In April 2020, Critical Metals executed a ten-year slag supply agreement with Scandinavian steel giant SSAB to access approximately 2Mt of stockpiled high-grade vanadium-bearing slag from three operating steel mills.  These are in Oxelösund and Luleå in Sweden and Raahe in Finland.  The SSAB stockpile in Luleå is ~4% V2O5 and at both Oxelösund and Raahe is ~3% V2O5.

A 2021 PFS envisaged production of 6,091tpy vanadium pentoxide from 200ktpy throughput, with CAPEX at US$183M and an operating cost estimate of US$4.25/lb V2O5.  The 2022 study envisages the production of 8,642tpy vanadium pentoxide from 300ktpy throughput, representing an increase from a 2021 PFS.  The CAPEX estimate has also increased (to US$341M including 15% contingency) while the operating cost estimate has increased to US$4.38/lb V2O5.   Project Blue notes that this makes the project’s operating costs competitive with existing primary producers.

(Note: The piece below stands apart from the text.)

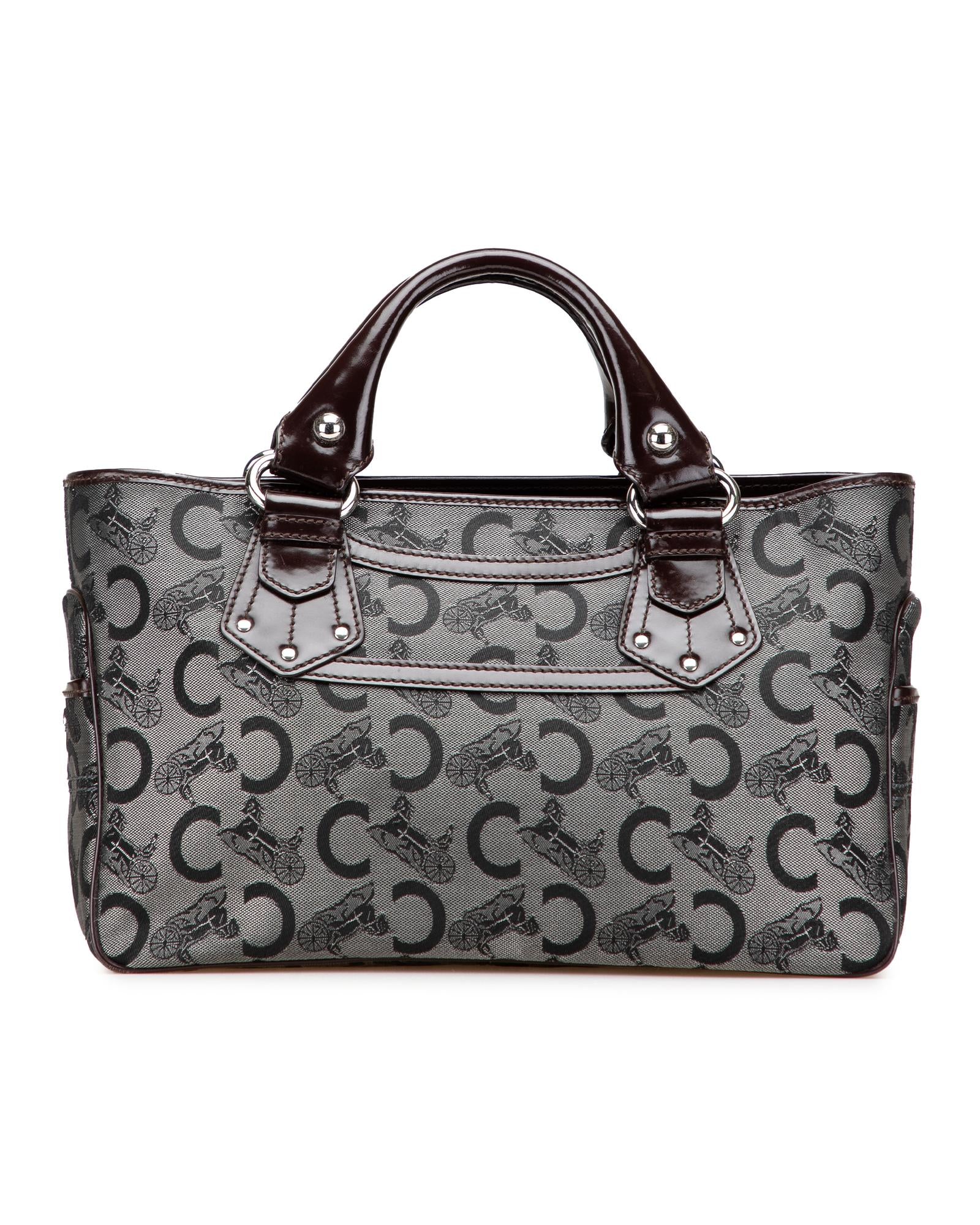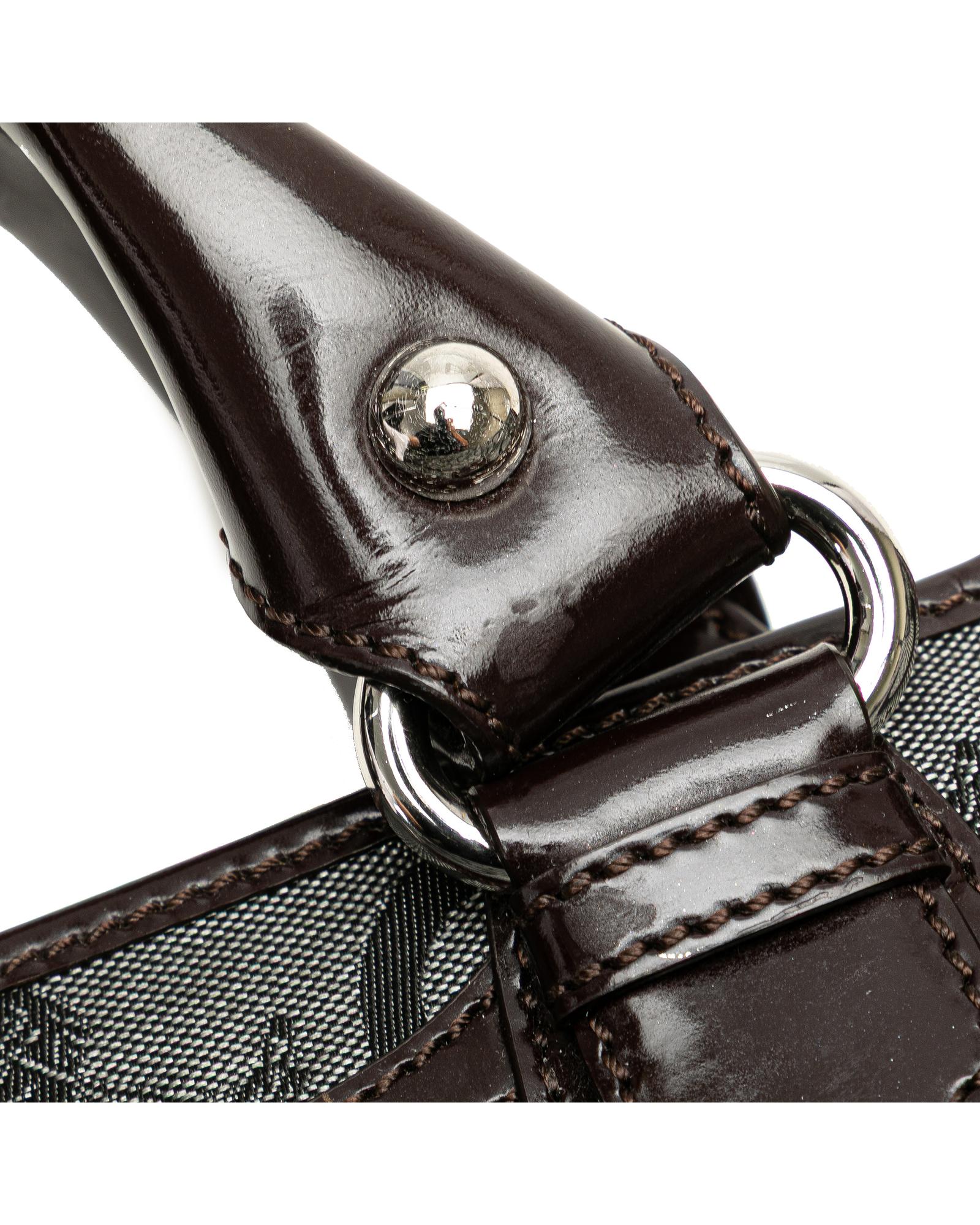 The Boogie features a canvas body with leather trim rolled leather handles exterior slip pockets a top zip closure and an interior zip compartment.

The vanadium market is currently well balanced although various demand and supply-side factors could help push the market into surplus or deficit over the next five years.  Project Blue’s view is new sources of supply will be required after the middle of the decade.  This new supply will come from primary, secondary or co-producers, with both existing players and new operators looking to bring new projects into production.  While its CAPEX is higher than some other advanced vanadium projects, the Vanadium Recovery Project –located in Europe, with no requirement for a mine and concentrator – is well placed to be one of these new operators.